Dear Mr. McKee:
Unlike social studies, language arts and science (which can draw from multiple sources), math needs a logical progression to be understood. The lack of an up-to-date text that provides that framework is a disservice to the student in the classroom. ...
The talk of a paperless society only brings out more paper to confirm, back-up or concretize a fragile system that loses everything with a loss of power, a missed keystroke, a virus invasion or an equipment failure. A computer is creative media and makes a fine data-collector. It cannot teach unless the student is self-disciplined enough and has the time to absorb it. Though a textbook’s or workbook’s time is limited, it’s still the best tool to use when repetition is the key. It provides a focal point, promotes reading, comprehension skills and does not require electricity.
As to online resources, I can tell you that schools already face multiple roadblocks to their effectiveness in the classroom and at home. Firstly, interaction on the board is already an integral part of any lesson, but most observe as a few write (attention span is limited). Secondly, the lack of available computers for use in the classroom — most rooms have less than three. Thirdly, the computer lab facilities are limited in availability by the amount of classes that want to use them on a daily basis and must be scheduled. The student’s own computer access is limited by transportation — the time a bus arrives and leaves does not allow them to use a computer to complete assignments before/after class. The student does not always have a computer at home and ... does not always have Internet access. ... Parents do not always have time to take the child to a public library or other place where public wifi is available.

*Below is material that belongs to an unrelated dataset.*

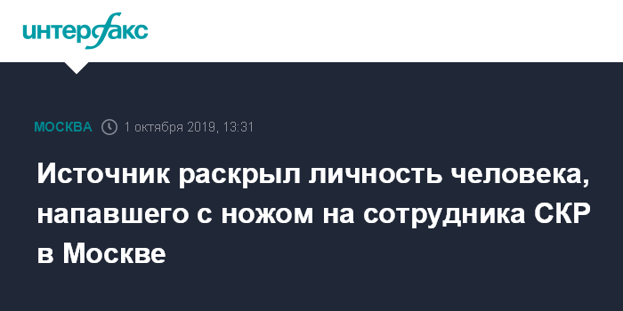 Москва. 1 октября. INTERFAX.RU - Напавший с ножом на сотрудника Следственного комитета РФ (СКР) в здании ведомства в Техническом переулке в Москве оказался 39-летним жителем Санкт-Петербурга, сообщил "Интерфаксу" информированный источник.

So, though I understand the Board’s need to consider costs, Mr. Scamihorn needs to see that hardbound classroom resources are necessary. Take the Board back to the classroom and give them the lesson for the day to teach. They’ll see just what it takes to prepare, present, provoke responses and record results. They will see where print materials fit in. ...
If Common Core is really about standardizing materials used nationally to achieve a higher level of basic public education, it should be in the public’s best interest that it is adopted. If it doesn't, then it should be brought to the public’s attention so that the name does not mislead and the people selling it are stopped.
We are competing in the world market and have fallen below many other countries in student achievement. We no longer have time for local control squabbles and being almost at the bottom of the states in the nation. The Board needs to seek the avenues to reach a world-class level of education for Cobb County, Georgia.